Any thoughts how I might be able to do this using LINQ/PLINQ/TASK parallelization ?
Ex:
private int[,] m_indexes = new int[6,4] { {367, 40, 74, 15},
{535, 226, 74, 15},
{368, 313, 74, 15},
{197, 316, 74, 15},
{27, 226, 74, 15},
{194, 41, 74, 15} };
The simplest parallel implementation:
int[,] m_indexes = new int[6, 4] { {367, 40, 74, 15},
{535, 226, 74, 15},
{368, 313, 74, 15},
{197, 316, 74, 15},
{27, 226, 74, 15},
{194, 41, 74, 15} };
var columns = Enumerable.Range(0, 4);
int[] sums = new int[4];
Parallel.ForEach(columns, column => {
int sum = 0;
for (int i = 0; i < 6; i++) {
sum += m_indexes[i, column];
}
sums[column] = sum;
});
This code can obviously be "generalized" (use m_indexes.GetLength(0) and m_indexes.GetLength(1)).
LINQ:
var sums = columns.Select(
column => {
int sum = 0;
for (int i = 0; i < 6; i++) {
sum += m_indexes[i, column];
} return sum;
}
).ToArray();
Be sure to profile on real-world data here if you truly need to optimize for performance here.
Also, if you truly care about optimizing for performance, try to load up your array so that you summing across rows.

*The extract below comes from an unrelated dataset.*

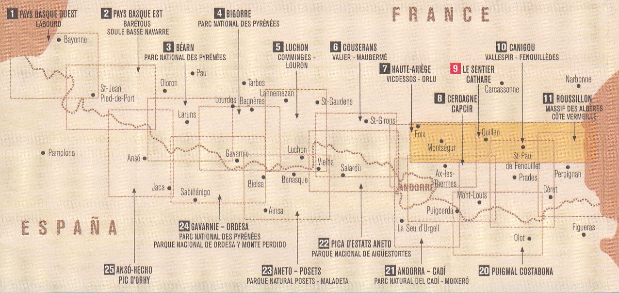 Francouzské a španělské Pyreneje na podrobných turistických mapách v měřítku 1:50.000 z edice Rando na topografickém podkladu od Institut Géographique National a Institut Cartografic de Catalunya. Zvýraznění turistických tras, včetně GR10 a GR11, horské chaty, různá zařízení pro volný čas a sportovní centra atd. Mapy č. 1 až 11 zobrazují hlavně francouzskou část, s vrstevnicemi v 20ti metrových intervalech. Mapy s čísly 20 a výše zobrazují španělskou stranu.

You'll get better locality for cache performance that way.
Or maybe without for's :
List<List<int>> m_indexes = new List<List<int>>() { new List<int>(){367, 40, 74, 15},
new List<int>(){535, 226, 74, 15},
new List<int>(){368, 313, 74, 15},
new List<int>(){197, 316, 74, 15},
new List<int>(){27, 226, 74, 15},
new List<int>(){194, 41, 74, 15} };
var res = m_indexes.Select(x => x.Sum()).Sum();
Straightforward LINQ way:
var columnSums = m_indexes.OfType<int>().Select((x,i) => new { x, col = i % m_indexes.GetLength(1) } )
.GroupBy(x => x.col)
.Select(x => new { Column = x.Key, Sum = x.Sum(g => g.x) });
It might not be worth it to parallelize. If you need to access the array by index, you spend some cycles on bounds checking, so, as always with performance, do measure it.